CipherShift365 -- Product Description
In one breath
Today's encryption relies on math that a sufficiently powerful quantum computer is expected to break. Governments and standards bodies have already published the replacement encryption and have begun requiring organisations to find and fix their vulnerable cryptography. CipherShift365 is a platform that finds the at-risk cryptography buried inside a company's software, helps them replace it with the new quantum-safe standards, and then watches to make sure it does not quietly creep back in. Built specifically for organisations running on Microsoft's .NET and Azure technology.
The problem, in everyday terms
Almost everything digital is protected by encryption: online banking, medical records, signed contracts, software updates, the padlock in your browser. Much of that protection depends on public-key cryptography (RSA, ECC) that is extremely hard for today's computers to crack -- but not for a future quantum computer.
A large enough quantum computer does not exist yet. The threat is still real today:
"Harvest now, decrypt later." An attacker does not need a quantum computer today to benefit from one tomorrow. They can record encrypted data now and decrypt it years later once the hardware catches up.
Any information with a long shelf life -- patient records, legal agreements, intellectual property, government data -- is effectively exposed today.
The good news: the fix exists. After an eight-year international competition, NIST finalised the first quantum-safe encryption standards on 13 August 2024 -- ML-KEM, ML-DSA, and SLH-DSA. The hard part is no longer which algorithms to use. The hard part is finding every place your old cryptography is hiding and replacing it without breaking anything.
Why this is urgent now
a) Legal and contractual requirements
In the United States, federal agencies must inventory cryptography and plan migration under OMB M-23-02 (18 November 2022), with obligations running annually toward a 2035 target. National Security Memorandum 10 (May 2022) sets a transition deadline of 2030 for national security systems. These requirements flow downhill to suppliers and contractors.
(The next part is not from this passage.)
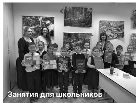
Занятия для школьников

Визит центре «Комино» проходят занятия для школьников. Внеклассные уроки позволяют сформировать интерес ребят к экологии родного края, знакомят с флорой и фауной особо охраняемых природных территорий Республики Марий Эл.

b) Buyers are asking for proof
A "cryptographic inventory" is becoming standard in security questionnaires. The Cryptography Bill of Materials (CBOM), an open OWASP/CycloneDX standard, provides the machine-readable format.
c) The replacement technology is shipping
As of the November 2025 release, .NET 10 ships native support for NIST post-quantum algorithms via System.Security.Cryptography, backed by Windows and OpenSSL. The capability is here -- what is missing is a way to systematically apply it across a real estate.
Who it is for
CipherShift365 is aimed at .NET / Windows / Azure-heavy organisations in regulated sectors -- financial services, healthcare, government, and defence-adjacent suppliers.
It is delivered in a services-led way: Compass produces the credible inventory and roadmap that opens the conversation; Vault and Guardian are the tools used to carry it out.
What it intentionally does not do (at first)
- It does not reinvent cryptographic algorithms -- it uses the standardised, trusted ones.
- It does not yet scan non-.NET languages, broad network/cloud infrastructure, or macOS.
- It does not run as a shared multi-customer cloud service -- everything stays inside the customer's own environment unless they explicitly opt in to share data.